#### EXERCISE GOAL
Print verbatim the lines from the beginning of the entries through the line containing "Vaade Haabneeme rajatud", both ends included. Pictures should be left out.

[Data excerpts]
--------------------

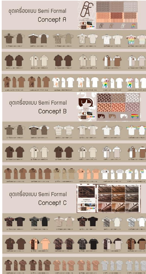
ภาพที่ 4 การวางลวดลายอัตลักษณ์บนโครงร่างเงาของเสื้อ (Silhouette) ชุดเครื่องแบบ Semi Formal Concept A, ชุดเครื่องแบบ Semi Formal Concept B และ ชุดเครื่องแบบ Semi Formal Concept C

รูปแบบแขนเสื้อและกระเป๋าสี้อยู่ให้มีความเหมาะสม อีกทั้งเพื่อให้สอดคล้องกับการใช้งานจริง รวมถึงการสื่อถึงภาพลักษณ์ของคณะศิลปกรรมศาสตร์ มหาวิทยาลัยศรีนครินทรวิโรฒ ได้อย่างมีประสิทธิภาพมากยิ่งขึ้น
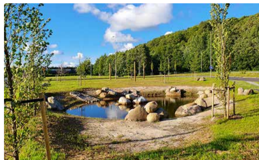
Vaade Haabneeme rajatud kastmisvee tiigile (kasutusel ka viibetiigina).

Partnerluse tegevused keskenduvad kolmele põhivaldkonnale: regulatiivsete takistuste kõrvaldamisele, rahastusvõimaluste parandamisele ja teadmiste levitamisele. Eriline tähelepanu on
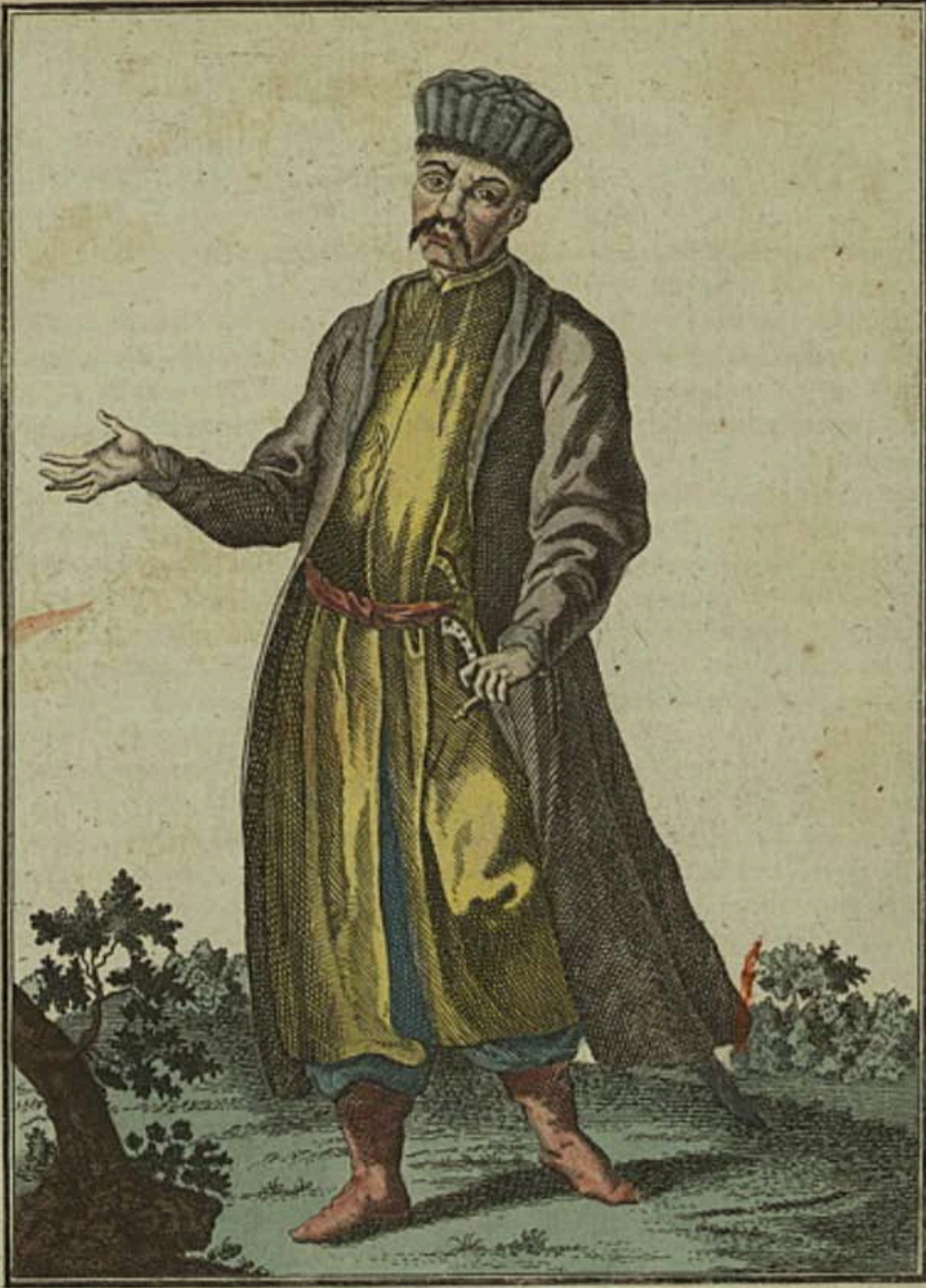
Кабардинецъ. Ein Kabardiner. Un Kabardinien.
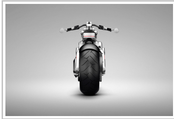
Curtiss Zeus Concept.

--------------------

#### RESULT FOR THIS TASK
ภาพที่ 4 การวางลวดลายอัตลักษณ์บนโครงร่างเงาของเสื้อ (Silhouette) ชุดเครื่องแบบ Semi Formal Concept A, ชุดเครื่องแบบ Semi Formal Concept B และ ชุดเครื่องแบบ Semi Formal Concept C

รูปแบบแขนเสื้อและกระเป๋าสี้อยู่ให้มีความเหมาะสม อีกทั้งเพื่อให้สอดคล้องกับการใช้งานจริง รวมถึงการสื่อถึงภาพลักษณ์ของคณะศิลปกรรมศาสตร์ มหาวิทยาลัยศรีนครินทรวิโรฒ ได้อย่างมีประสิทธิภาพมากยิ่งขึ้น
Vaade Haabneeme rajatud kastmisvee tiigile (kasutusel ka viibetiigina).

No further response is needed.